Diesel fuel could become preferred energy source for cars over the next 20 years.

Dec 08,2009
Juergen Gerhardt, senior vice president of German automotive giant Robert Bosch, is confident that clean diesel will become a preferred power source for vehicles over the next 20 years despite the development of electric cars.

Gerhardt said yesterday that the biggest reason the global automotive industry is aggressively developing electric vehicles is tied to the energy efficiency they can provide.

Electric vehicles can travel 2.5 times further than cars with conventional internal-combustion engines on the same amount of energy, he said.

However, with current technology, clean diesel engines can also achieve higher fuel economy and lower carbon dioxide emissions.

“Diesel has exceptionally high energy density,” said Gerhardt, who is visiting Seoul to participate in a two-day clean diesel global forum held at the National Assembly in Yeouido.

“Fifty milliliters of diesel fuel generates the same amount of energy as 68 kilograms [150 pounds] of the latest nickel-metal hybrid battery.
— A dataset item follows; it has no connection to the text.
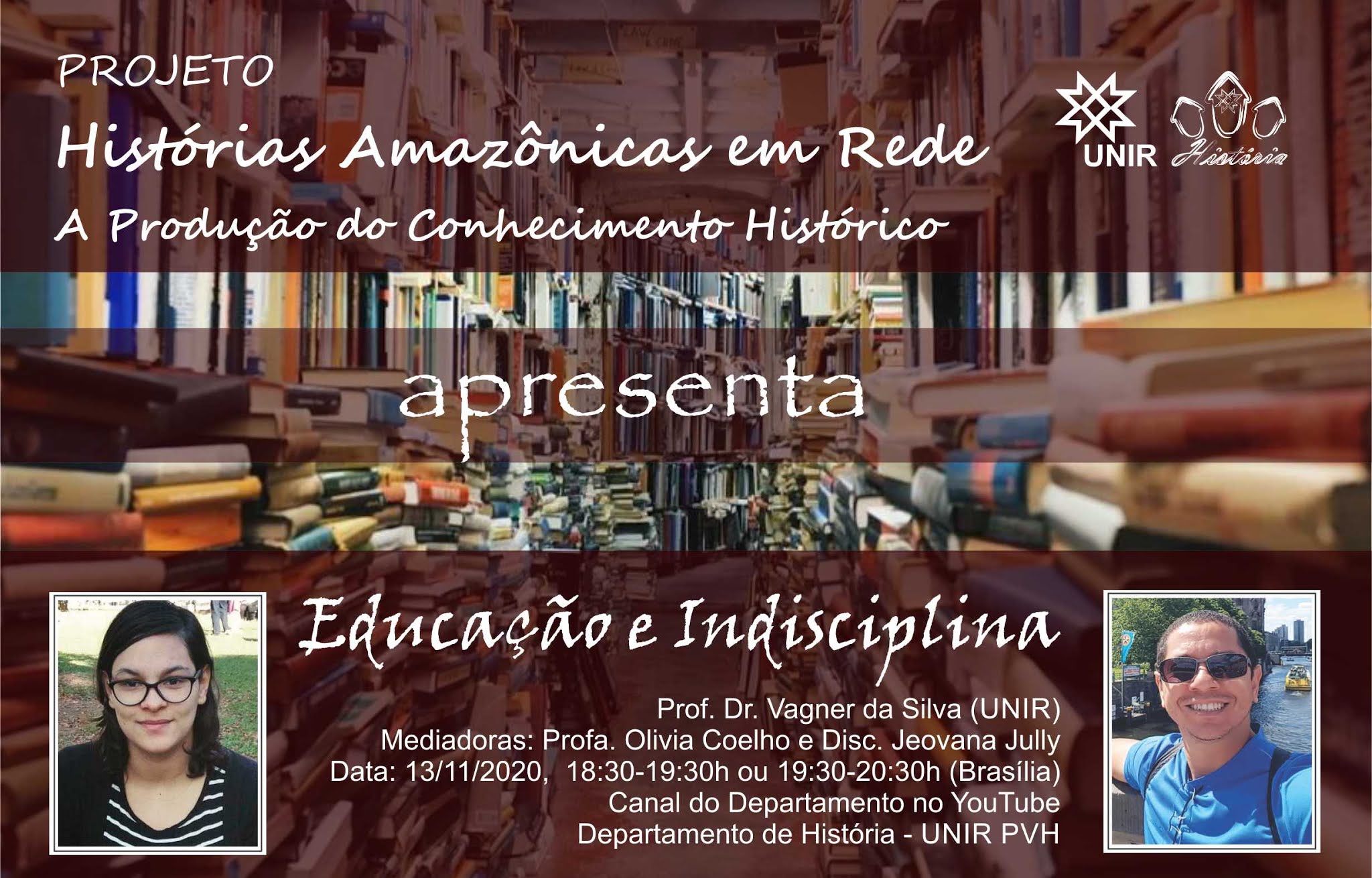 O projeto Histórias Amazônicas em Rede da Fundação Universidade Federal de Rondônia (UNIR) convida a comunidade acadêmica a participar da Live “Educação e Indisciplina”, que acontecerá nesta sexta-feira (13), às 18h30 (Horário de Rondônia). Os convidados serão o professor Vagner da Silva, do campus Porto Velho, e a doutoranda em Educação, Olívia Coelho, da Universidade Estadual de Campinas (UNICAMP).

This means that a 50-liter diesel fuel tank has the same energy amount as a 68-ton hybrid battery.”

Oh Kang-hyun, Korea Petroleum Association chairman, said diesel is the most efficient of all the automotive fuels out there right now. Citing a study he conducted last year for Korea University, Oh said diesel vehicles have 16 percent to 32 percent better fuel economy compared to regular gasoline vehicles.

Additionally, diesel-fueled vehicles have 54 percent to 77 percent higher fuel economy than those that run on liquefied petroleum gas, he said.

Gerhardt said he has noticed that Korean cars are getting bigger and heavier, which is similar to the dynamics of the industry in the United States. Therefore, he said, it is important to utilize diesel technology to secure better fuel economy.

Oh agrees as well.

“The government needs to change the taxation system applied on diesel engines in order to boost the industry,” Oh said. “But most of all, we need to change our distorted conception of diesel fuel” as a dirty energy source.

He pointed out that the Seoul government recently announced a plan to switch from diesel-fueled buses to buses that run on compressed natural gas in order to reduce pollution.

He also noted that Paris, where 70 percent of new vehicles run on diesel, has lower microscopic dust levels than Seoul. “We have to realize that the clean diesel of today is not the diesel that we knew in the 1980s,” Oh said.